Home | About | Sematext search-lucene.com search-hadoop.com
 Search Hadoop and all its subprojects:

Switch to Threaded View
HBase >> mail # dev >> prefix compression implementation


Copy link to this message
-
Re: prefix compression implementation
Ryan - i answered your question on another thread yesterday.  Will use this
thread to continue conversation on the KeyValue interface.

I don't think the name is all that important, though i thought HCell was
less clumsy than KeyValue or KeyValueInterface.  Take a look at this
interface on github:

https://github.com/hotpads/hbase-prefix-trie/blob/master/src/org/apache/hadoop/hbase/model/HCell.java

Seems like it should be trivially easy to get KeyValue to implement that.
 Then it provides the right methods to make compareTo methods that will work
across different implementations.  The implementations of those methods
might have an if-statement to determine the class of the "other" HCell, and
choose the fastest byte comparison method behind the scenes.

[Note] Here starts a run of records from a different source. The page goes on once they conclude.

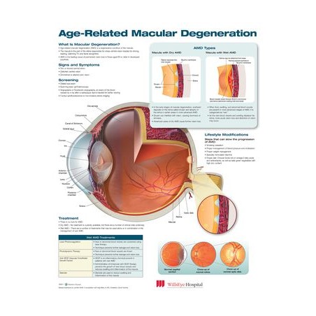 Age-Related Macular Degeneration is a highly detailed illustrated chart that is easy to understand and perfect for patient education. This chart helps you to explain what macular degeneration is, its effects on vision and treatment options.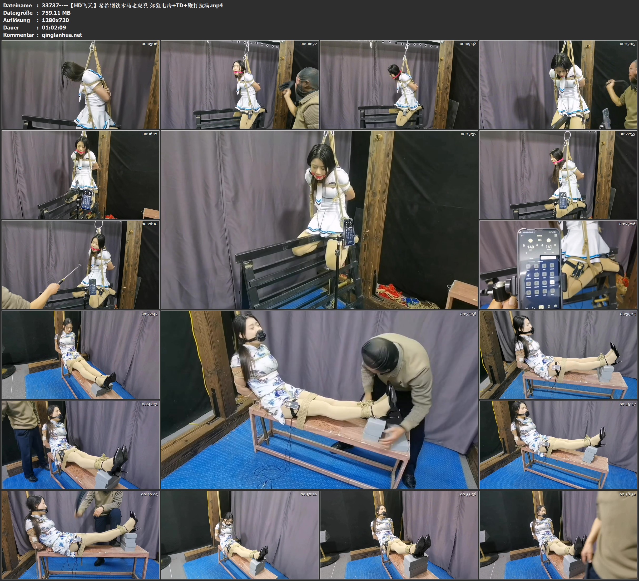 深度调校,也是跟飞天工作室的首次合作。这次拍的是希希,也叫过凉兮、亚楠、熙熙。这次安排的是高强度调较,先让希希把TD放入私密部位,把希希放置在钢铁木马上,郊狼电击拉满,刺激的希希娇喘不断。之后在把希希绑在老虎凳上,垫四块转,电击和震动一直不停,把希希虐的眼神都迷离了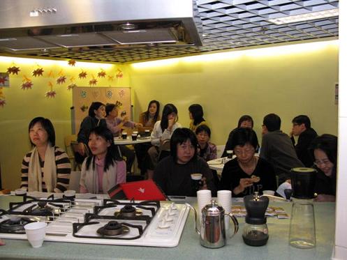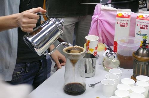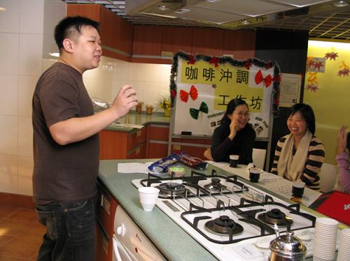 | 同學們一邊品嚐咖啡, 一邊聽導師講解. |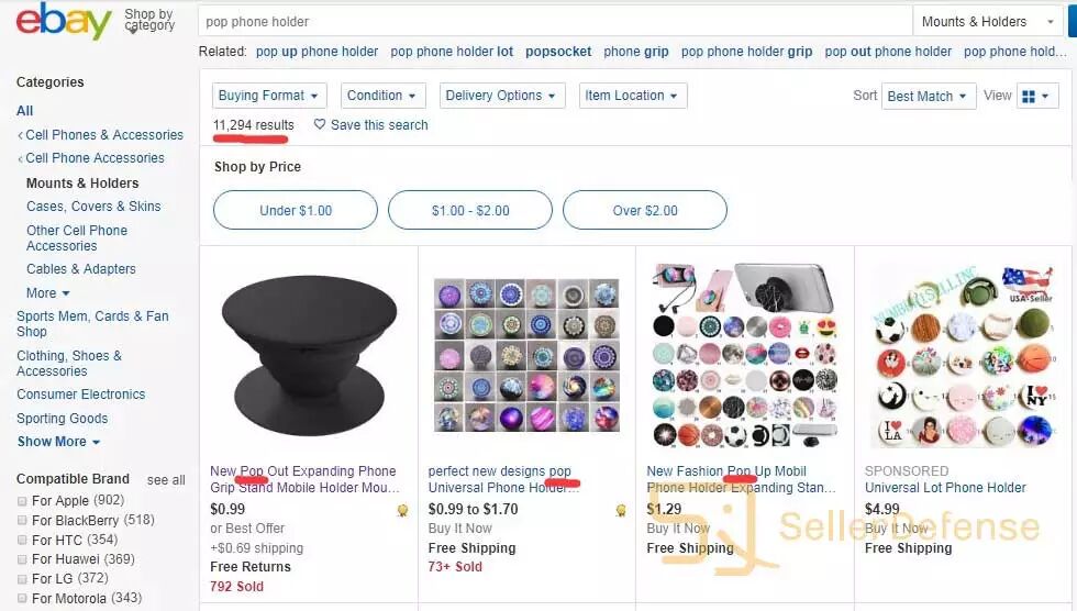 因为 POP 这个词绝大部分卖家不会认为它是一个商标,所以危害性非常大,帖子发出后,我们尽我们最大的努力提醒卖家抓紧修改产品标题,但是很遗憾的是目前仍然能在各平台上搜到大量使用了此关键词的产品,以下是ebay平台搜索 pop phone holder 的结果,显示有10000+搜索结果。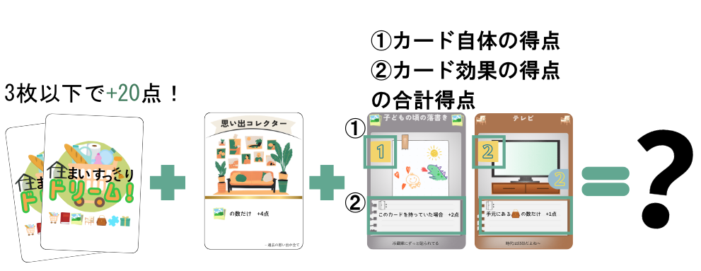 「ビジョンカード」が「思い出コレクター」(カード種類が「思い出」の数だけ+4点される)で手元のカードが「子どもの頃の落書き」と「テレビ」だった場合、得点は以下のようになります。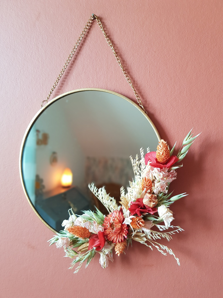 Une après-midi conviviale pour décorer un miroir avec des fleurs séchées?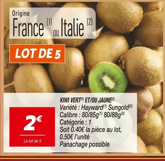 L'offre est disponible dans plusieurs magasins, vérifiez tous les produits pour obtenir le Kiwi vert et/ou jaune le moins cher. Si vous souhaitez savoir si l'article est en vente avec une plus grosse remise dans un autre magasin, consultez la catégorie 'Supermarché'. Ces offres pourraient aussi vous intéresser : Kiwi jaune, Kiwi jaune & Kiwi jaune.

I need to look into the KeyValue scanner interfaces
On Fri, Sep 16, 2011 at 7:34 PM, Ryan Rawson <[EMAIL PROTECTED]> wrote:

> On Fri, Sep 16, 2011 at 7:29 PM, Matt Corgan <[EMAIL PROTECTED]> wrote:
> > Ryan - thanks for the feedback.  The situation I'm thinking of where it's
> > useful to parse DirectBB without copying to heap is when you are serving
> > small random values out of the block cache.  At HotPads, we'd like to
> store
> > hundreds of GB of real estate listing data in memory so it can be quickly
> > served up at random.  We want to access many small values that are
> already
> > in memory, so basically skipping step 1 of 3 because values are already
> in
> > memory.  That being said, the DirectBB are not essential for us since we
> > haven't run into gb problems, i just figured it would be nice to support
> > them since they seem to be important to other people.
> >
> > My motivation for doing this is to make hbase a viable candidate for a
> > large, auto-partitioned, sorted, *in-memory* database.  Not the usual
> > analytics use case, but i think hbase would be great for this.
>
> What exactly about the current system makes it not a viable candidate?
>
>
>
>
>
> >
> >
> > On Fri, Sep 16, 2011 at 7:08 PM, Ryan Rawson <[EMAIL PROTECTED]> wrote:
> >
> >> On Fri, Sep 16, 2011 at 6:47 PM, Matt Corgan <[EMAIL PROTECTED]>
> wrote:
> >> > I'm a little confused over the direction of the DBBs in general, hence
> >> the
> >> > lack of clarity in my code.
> >> >
> >> > I see value in doing fine-grained parsing of the DBB if you're going
> to
> >> have
> >> > a large block of data and only want to retrieve a small KV from the
> >> middle
> >> > of it.  With this trie design, you can navigate your way through the
> DBB
> >> > without copying hardly anything to the heap.  It would be a shame blow
> >> away
> >> > your entire L1 cache by loading a whole 256KB block onto heap if you
> only
> >> > want to read 200 bytes out of the middle... it can be done
> >> > ultra-efficiently.
> >>
> >> This paragraph is not factually correct.  The DirectByteBuffer vs main
> >> heap has nothing to do with the CPU cache.  Consider the following
> >> scenario:
> >>
> >> - read block from DFS
> >> - scan block in ram
> >> - prepare result set for client
> >>
> >> Pretty simple, we have a choice in step 1:
> >> - write to java heap
> >> - write to DirectByteBuffer off-heap controlled memory
> >>
> >> in either case, you are copying to memory, and therefore cycling thru
> >> the cpu cache (of course).  The difference is whether the Java GC has
> >> to deal with the aftermath or not.
> >>
> >> So the question "DBB or not" is not one about CPU caches, but one
> >> about garbage collection.  Of course, nothing is free, and dealing
> >> with DBB requires extensive in-situ bounds checking (look at the
> >> source code for that class!), and also requires manual memory
> >> management on the behalf of the programmer.  So you are faced with an
> >> expensive API (getByte is not as good at an array get), and a lot more
> >> homework to do.  I have decided it's not worth it personally and
> >> aren't chasing that line as a potential performance improvement, and I
> >> also would encourage you not to as well.